A more mundane explanation of the poor girl’s failure to achieve the success she seemed predestined for may be to attribute it to the effects of bipolar, as blogger Ann writes:

I’ve had numerous admissions to hospital and crisis houses, taken overdoses, cut myself, and put myself in very dangerous situations when manic.

All of those things have been awful, but they don’t even begin to compare to how soul-destroying it has been to not have the life I once believed was a given taken by bipolar. As a teenager, I was a high achiever. I was destined for academic and occupational success, but I haven’t been able to work since I was 18 and I had to drop out of university because I was too unwell.

Lithium is an important treatment for bipolar disorder. It can help to control moods, but it can also have adverse effects. Some reports suggest that lithium can affect thinking and memory.

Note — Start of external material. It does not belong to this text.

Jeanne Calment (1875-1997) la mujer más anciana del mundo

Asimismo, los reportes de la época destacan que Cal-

There is also a concept in psychology called “confabulation” where two similar memories become combined into one memory but with lots of distortions. This is a common condition of bipolar disorder. There are countless publications and studies into the topic of false and repressed memories. Does a trauma lay hidden in the mind and only emerge in the later date to trigger a mental condition, or is the fantasy a symptom of the disease?

A picture has circulated in the media showing a document  (above) apparently written in a spiral by the girl who accused Christian Porter of rape. Once again, Google “writing spiral text psychosis” and in an instant you will come up with a reference to hypergraphia, a behavioural condition described on Wikipedia thus:

There are many accounts of patients writing in nonsensical patterns including writing in a centre-seeking spiral starting around the edges of a piece of paper. In one case study, a patient even wrote backwards, so that the writing could only be interpreted with the aid of a mirror. Some studies have suggested that hypergraphia is related to bipolar disorder, hypomania, and schizophrenia.

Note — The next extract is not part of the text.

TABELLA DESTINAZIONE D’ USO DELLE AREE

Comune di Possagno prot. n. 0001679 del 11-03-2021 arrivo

If a bipolar person keeps taking their medication they can go for years without experiencing a psychotic episode, but the unfortunate truth is it always returns. Perhaps as a reaction to stress, they stop taking the meds or the dosage becomes insufficient, there will inevitably be another crisis. If there are people close by who recognise the signs they may be able to stave off the worst effects by increasing the dosage of anti-psychotics or getting them to a hospital. Those who live with bipolar sufferers report many similar symptoms to this unfortunate girl’s story:

She starts contacting friends and relatives she has not contacted for years … launches a spending spree on outlandish clothes and colourful baubles …. her room fills up with rubbish and she fills notebooks with page after page of mad confessions and new age psychobabble.

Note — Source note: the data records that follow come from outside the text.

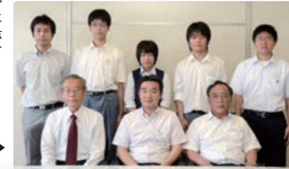
平成23年度 市民代表団 ▶
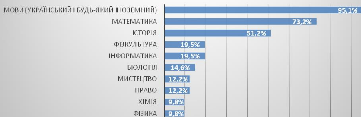
Рис.5. Пріоритети у предметах шкільної програми
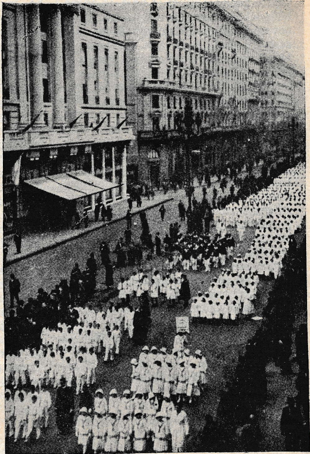
Prizor iz pohoda 15.000 mladine ob 60. letnici salezijanskega dela v Argentini.

Sonce je zahajalo vse krvavo in metalo rdeče žarke na ono zemljo, celo zelenje dreves se je pordečilo — vse je spominjalo na kri, ki se je ondi prelila. Naši misijonarji se niso mogli strpeti in počakati naslednjega dne, še zvečer so povესlali na onstran reke ter se povzpeli po navpičnem bregu tja, kjer je stal skromen križ, pred njim pa izkopana zemlja. Tu sta na-

Unfortunately, the risk of suicide is 10-30 times higher in those with bipolar disorder than in the general population. There are estimates that somewhere between 20 per cent to 60 per cent of those with bipolar disorder attempt suicide at least once in their lives.

One last tip for that genius from the press corps who questioned how such an elaborate accusation could possibly be a lie. There is also an extensive literature on the link between Compulsive Lying Disorder and bipolar. It shouldn’t take a Clark Kent to do some web-searching and find the connection.